We can then put our function dictionary into a Python function. 

In [18]:
def graph_region(region_df, graph_type: str, dimension1: str, dimension2: str):
    """
    Parameters
    ----------
        region_df: (dataframe object) reshaped data frame object with mortage, delinquency and population data
        graph_type: (string) "box", "violin", "scatter", "line"
        dimension1: (str) one of 'Time' or 'Geography'
        dimension2: (str) one of 'AverageMortgageAmount', 'AverageMortgageAmount' or 'PopulationSize'
        
    Returns:
    --------
        Plotly figure 
    """
    
    plot_dict = {'box': px.box,'violin': px.violin, 'scatter': px.scatter, 'line':px.line}
        
    try:
        # Initialize function
        fig = plot_dict[graph_type](region_df, 
                                    x=dimension1, 
                                    y=dimension2, 
                                    color = "Geography",
                                   hover_name = "Time")
        # Format figure 
        title_string = f'Chart: {graph_type} plot of {dimension1} and {dimension2} by Geography'
        fig.update_layout(title = title_string)
        fig.update_xaxes(tickangle=-45)
        return fig
    
    except KeyError:
        print("Key not found. Make sure that 'graph_type' is in ['box','violin', 'scatter', 'line']")
    except ValueError:
        print("Dimension is not valid. dimension1 is one of 'Time' or 'Geography'")
        print("dimension2 is one of 'AverageMortgageAmount', 'DelinquencyRate', 'PopulationSize'")

In [22]:
graph_region(data_pop_del_mort_df, 'line', "Time", "AverageMortgageAmount")

In [23]:
graph_region(data_pop_del_mort_df, 'box', "Geography", "PopulationSize")

In [34]:
graph_region(data_pop_del_mort_df, 'scatter', "AverageMortgageAmount", "DelinquencyRate")

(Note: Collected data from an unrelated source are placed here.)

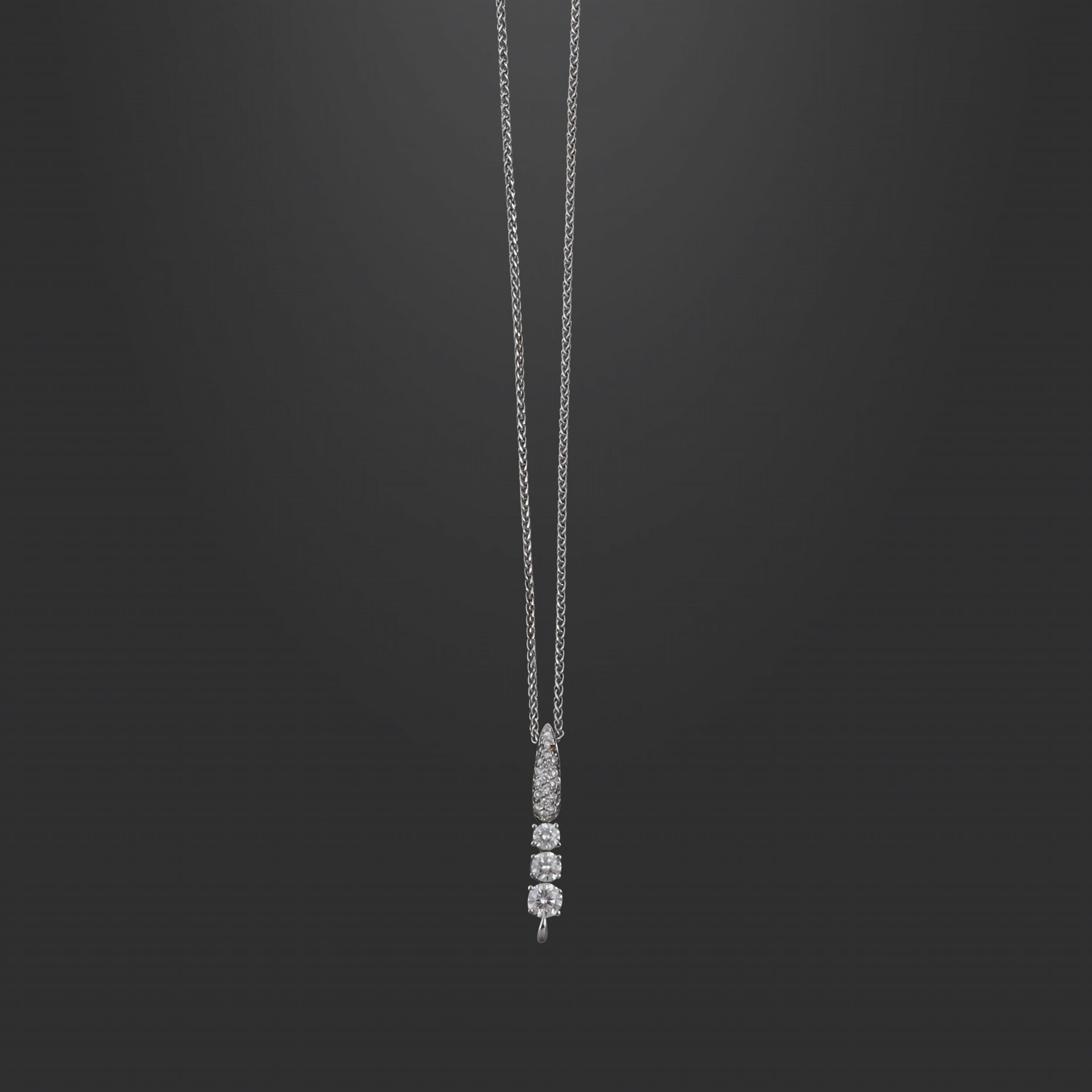 catenina con pendente in oro bianco, formato da tre brillanti disposti in linea sospesi ad un motivo a goccia in pavé di piccoli brillanti (uno mancante). Brillanti del peso complessivo di 0,80 ct ca., gr. 6. Lunghezza 42 cm Firmato: Recarlo
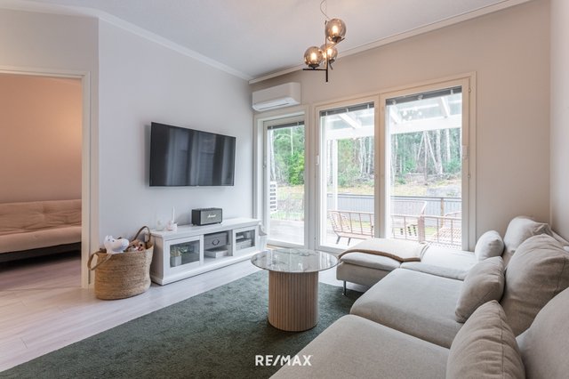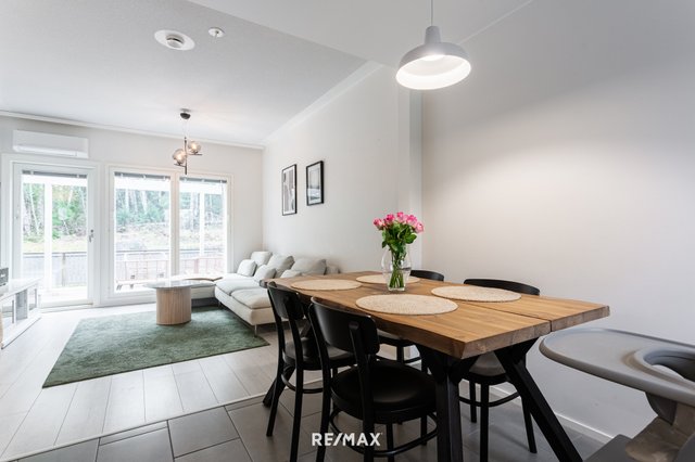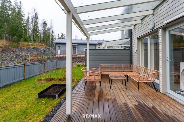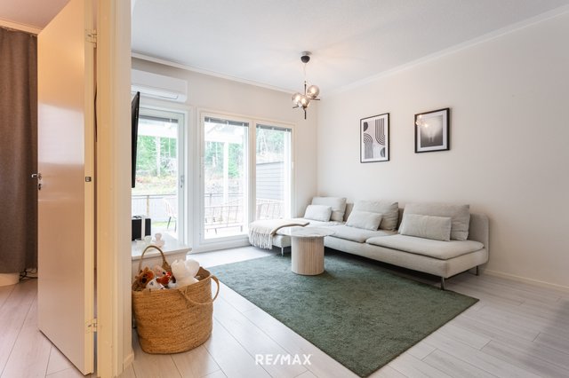 Sisääntulo avautuu ilmavaan oleskelualueeseen, jossa suuret ikkunat tuovat luonnonvalon osaksi sisustusta. Keittiö on raikas ja moderni, ja ruokailupöydälle jää hyvin tilaa. Olohuone jatkuu sujuvasti kohti katettua terassia, joka toimii pitkälle syksyyn yhtenä kodin parhaista oleskelupaikoista. Terassin jatkeena on pieni piha, ja talon takana alkaa rauhallinen metsäkaistale.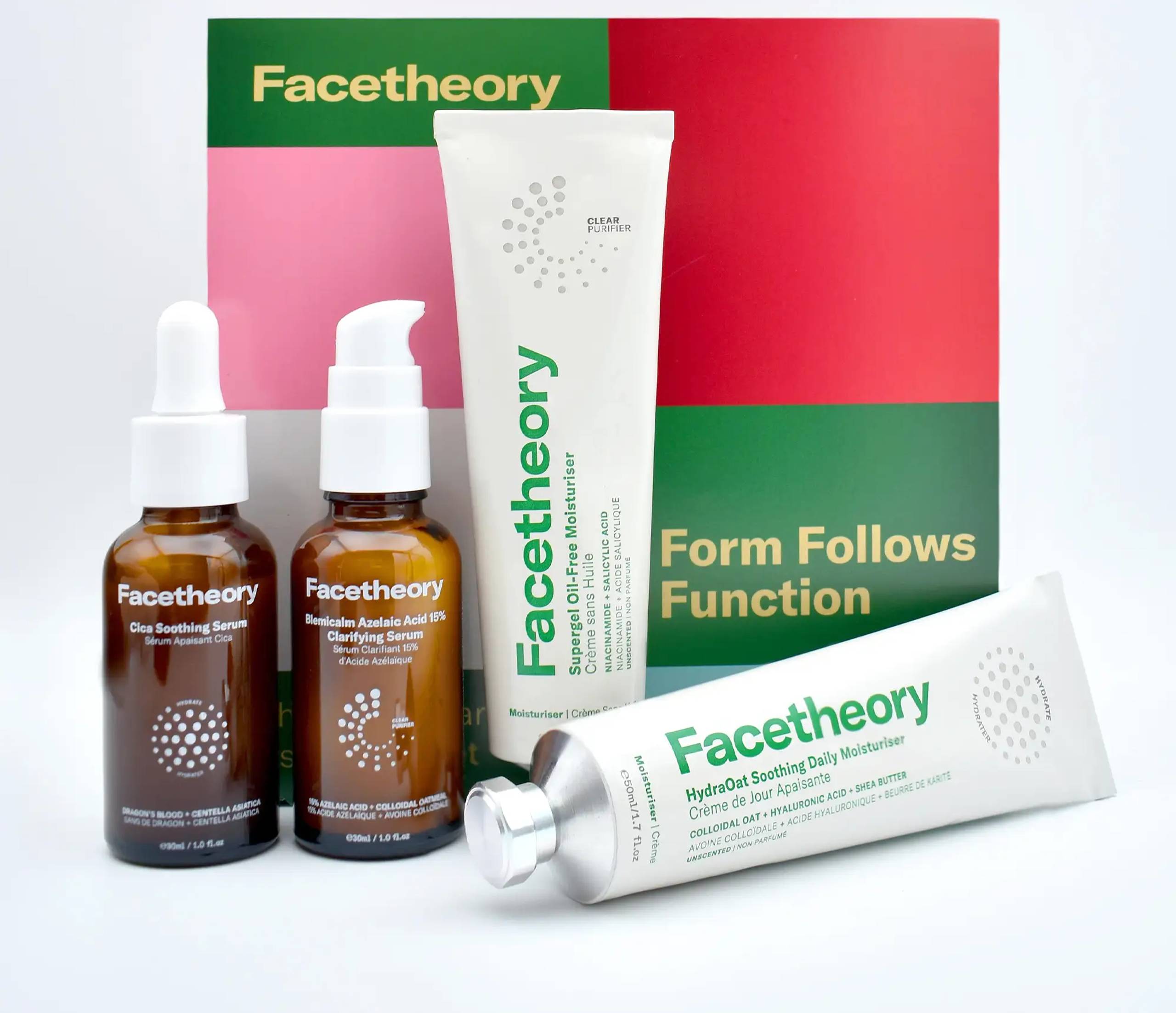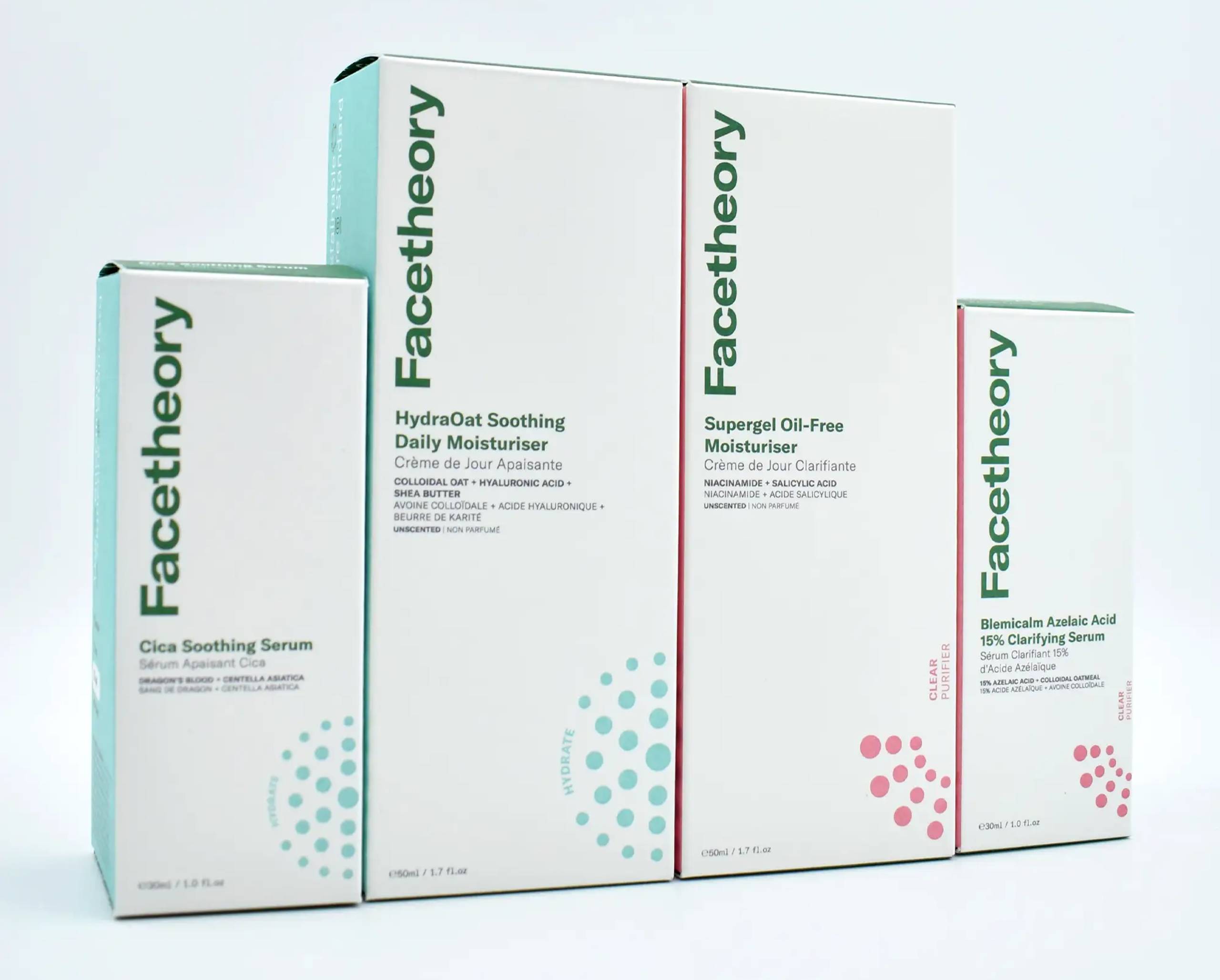 Contains four full size products: Cica Soothing Serum (30ml), HydraOat Soothing Daily Moisturiser (Mandarin, 50ml), Blemicalm Azelaic Acid 15% Clarifying Serum (30ml), Supergel Oil-Free Moisturiser (Unscented, 50ml)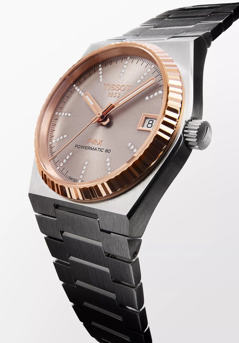 Tissot PRX Powermatic 80 T931.207.41.336.00 sú dámske automatické hodinky na integrovanom oceľovom náramku s brúsenou povrchovou úpravou a motýlikovou sponou. Puzdro z nerezovej ocele má priemer 35 milimetrov, priehľadné viečko a lunetu z 18k ružového zlata. Strieborný číselník s efektom slnečného brusu, indikáciou dátumu a 44 diamantmi o hmotnosti 0,0704 ct a čistote VS-SI je chránený odolným zafírovým sklom s antireflexnou vrstvou. Aplikované hodinové indexy sú rovnako ako ručičky pokryté luminiscenčným náterom Super-LumiNova®, ktorý garantuje perfektnú čitateľnosť za zhoršených svetelných podmienok. Pohon hodiniek zaisťuje mechanický strojček Powermatic 80 s automatickým náťahom a rezervou chodu približne 80 hodín. Vďaka použitiu antimagnetického vlásku zotrvačky Nivachron™ z titánovej zliatiny, na ktorého vývoji sa spolu so Swatch Group podieľala manufaktúra Audemars Piguet, je tento kaliber vysoko odolný voči vplyvom magnetického poľa. Tento strojček s funkciou hackingu možno v prípade potreby naťahovať aj ručne pomocou signovanej korunky. Vodotesnosť hodiniek je 10 ATM a sú vhodné na kúpanie alebo šnorchlovanie.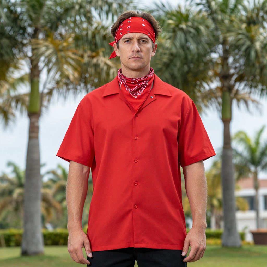 Photograph of a middle-aged Caucasian man standing in a tropical outdoor setting with palm trees in the background. He has short brown hair, a serious expression, and wears a red bandana with white patterns tied around his head. He is dressed in a bright red short-sleeved button-up shirt, matched with a red bandana around his neck, and black pants. The shirt is slightly loose-fitting, and his arms are relaxed by his sides. The background features blurred palm trees and a green lawn, suggesting a warm, sunny climate. The overall image has a slightly over-saturated color effect, enhancing the vividness of the red attire.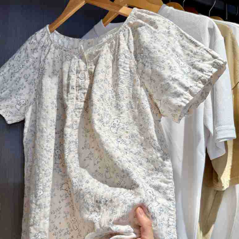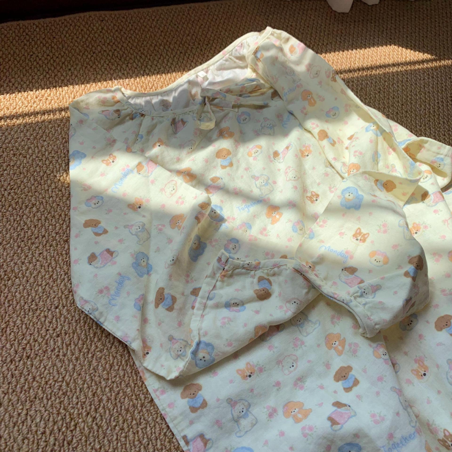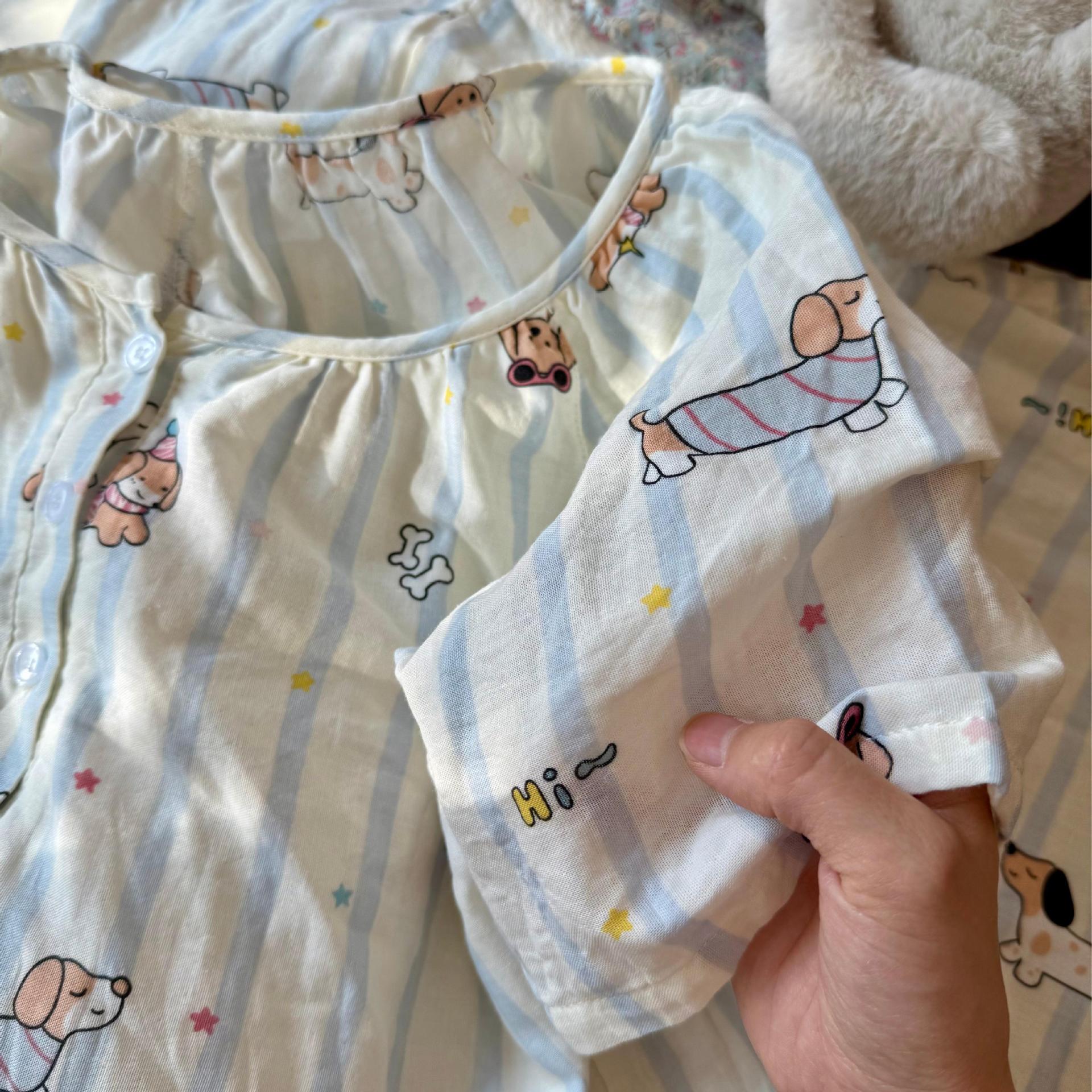 반팔 잠옷 A급 순면 이중 거즈 잠옷 홈웨어 순면 거즈 만화 긴팔 잠옷 슬립 잠옷스토어 가기
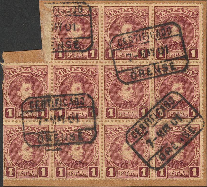 Galicia. Filatelia. CERTIFICADO / ORENSE, bloque de once. MAGNIFICO.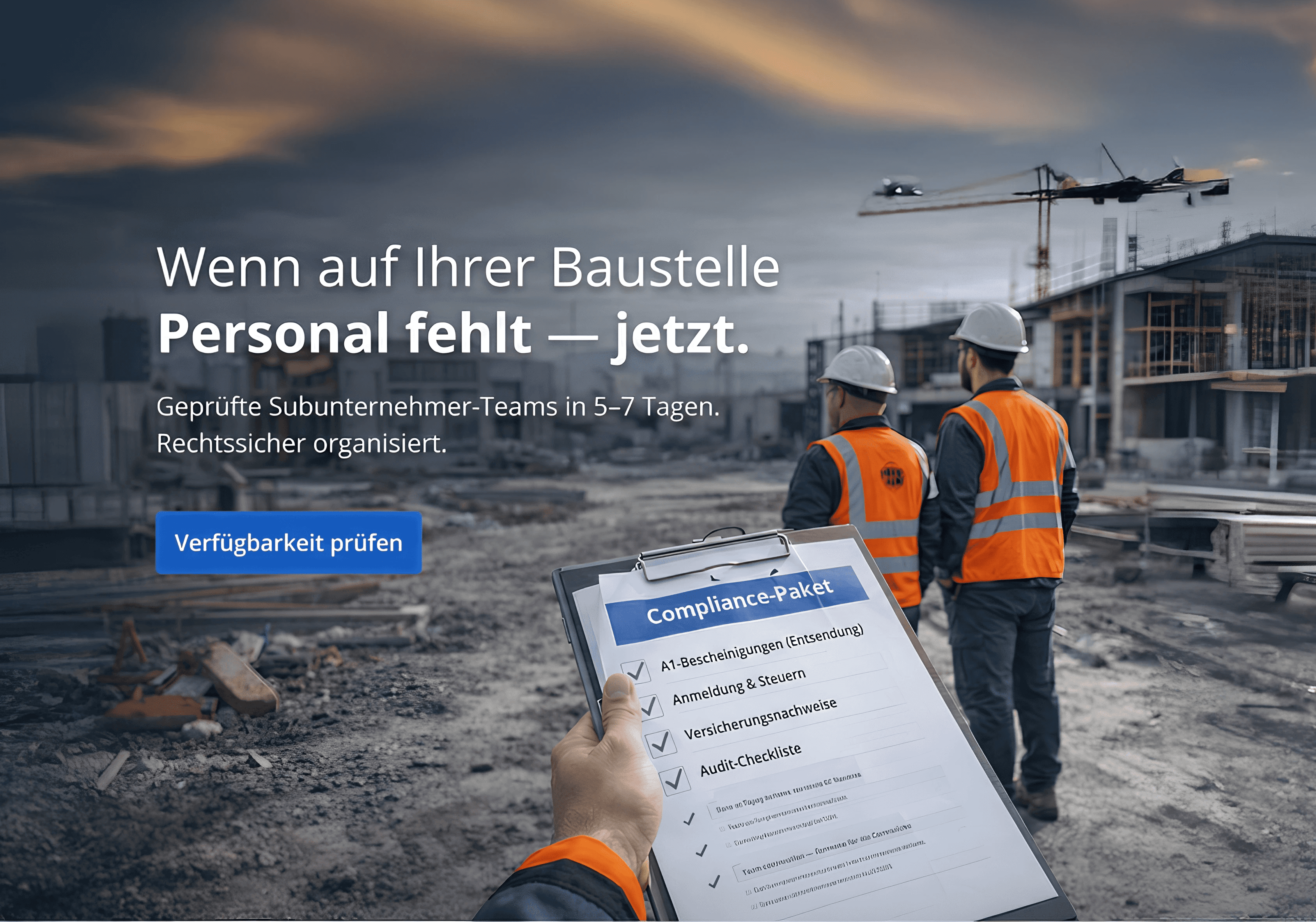 Seit 5+ Jahren unterstützt Bausbau Bauunternehmen in Deutschland bei Engpässen und kritischen Projektphasen.Wir helfen dort, wo Zeit, Qualität und saubere Ausführung entscheidend sind – mit strukturierten Einsätzen und klarer Verantwortung.

## Bonus, incorporating time series plots

In [24]:
# Optional to have regions

fig = px.scatter(data_frame=data_pop_del_mort_df,
          y = "AverageMortgageAmount",
          x = "DelinquencyRate",
          size= "PopulationSize",
          color= "Geography",
          animation_frame="Time",
           animation_group="Geography",
           title = "Delinquency rate vs average mortgage over time"
          )
fig.update_layout(yaxis_range=[100000,500000])
fig.update_layout(xaxis_range=[0,1])
fig.show()

This concludes part I. In the next section, we will take what we built together and work on the components of our dashboard.